Anything I experience, good or bad, that deserves resolution or understanding or celebration. Music has a unique ability to be intellectual and also give regard to our physical experience of the world, the insights that our bodies and emotions are trying to communicate about the world within and around us.
How would you describe your sound?
In general, stripped down, three-chord percussive acoustic blues/country/folk. But I will veer off and experiment with whatever sound fits a song or just out of curiosity.
If you could open for any musician/band, who would it be?
Kris Kristofferson. I love the atmosphere at his shows and how his audiences engage with his music. Cindy Lee Berryhill would also be great to open for.
What does making music mean to you? What got you into it/keeps you continuing?
Music has always fascinated me and brought me endless pleasure and when I first saw The Rolling Stones on TV, I instantly began creating songs, just words I would sing into a cassette recorder, but I had to be involved with that in some way. It is one of the absolute best things in life.
How do you keep yourself motivated and inspired?
There is still suffering and conflict and loss in the world, pain and grief, ignorance and intolerance. And that’s just MY Saturday. Music and creativity bring peace, healing and celebration to me personally on a daily basis. And every now and then someone will share their appreciation for something I created. No matter how much loss and disappointment I've experienced I see no point in giving up on the highest ideals and personal enjoyment as long as I'm alive, music and creativity offer something towards that.
Which song of yours was the most fun to write & make?
Fun question. Every song has its own creation story that I enjoy recalling. The one that jumps to mind in this instant is “Oh, my my.” Just over a year ago I wrote Neil Young to thank him for and ask a question about the first time I had heard his music and he actually responded! It really brought that initial moment and feeling back to me very intensely. And I found myself just pouring out that experience and energy into words and then a theme started to show itself, the power of rock and roll, spanning rock history from Danny and The Juniors to Kurt Cobain all pointing back to Neil’s song “My my, Hey hey.” This also opened up yet another theme.... suicide. Not a very cheerful subject of course, but it was a subject I was oddly familiar with at an early age, not people I knew personally, but I just heard about it a lot and of course anything can seem normal at age 7, but I see how unusual that was now. It was incredibly satisfying to approach the process irrationally and have it send me back something that has all these layers of meaning to me personally, tied together to very different and important experiences in my life while also reflecting things in our culture. I should probably send Neil another message of thanks.
What is your creative process like? Is it more organized & session based or more sporadic and fleeting?

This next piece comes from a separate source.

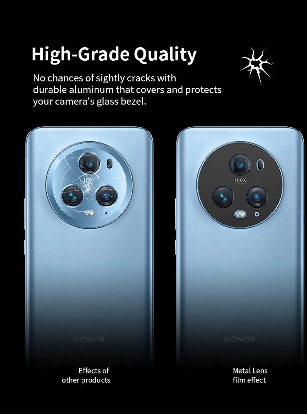 Funda de aleación de aluminio para cámara trasera para Honor Magic5 Pro 5G Honer Honar Magic 5 5Pro Magic5Pro 2023, película de cubierta de anillo de lente a prueba de golpes
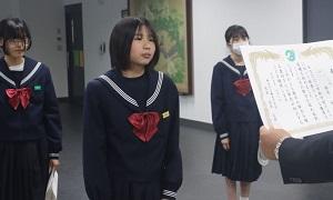 永草校長から学年の代表者に贈られました。

More sporadic. The general process though is that something will affect me, and then I will have a basic idea and a key word or phrase which will bring some sort of physical sensation that gives me a sense of the rhythm. Then I enjoy taking walks and finding the rest of the words for verses and choruses. For “Mockingbird”, I walked a trail in the Rockies, which was beautiful but also very demanding. It required calculated thinking at times and allowed, or encouraged really, non-linear thinking at other times. It was so great for the writing process.........and the trail even served as a metaphor. It should probably get a writing credit.
What is your current big goal? What does the future hold/what are you working towards right now?
I would really love to get back to some live performances next year, maybe in spring at coffeehouses, if I can find any. I’m also having a lot of fun lately revisiting, organizing and appreciating the stuff I did years ago with my friend Jack and our band. Always got my mind on whenever I might get back to Milwaukee and we can create some more. I also have a couple friends who left behind parts of songs with hopes I might find a way to complete them which I feel very honored to be trusted with and hope to finish those songs soon. And I am always enjoying inspiration and playing around with some new stuff of my own, following that wherever it takes me.
Thanks so much to you and everyone at Yarn Bomb for the great things you are doing to support the creative spirit.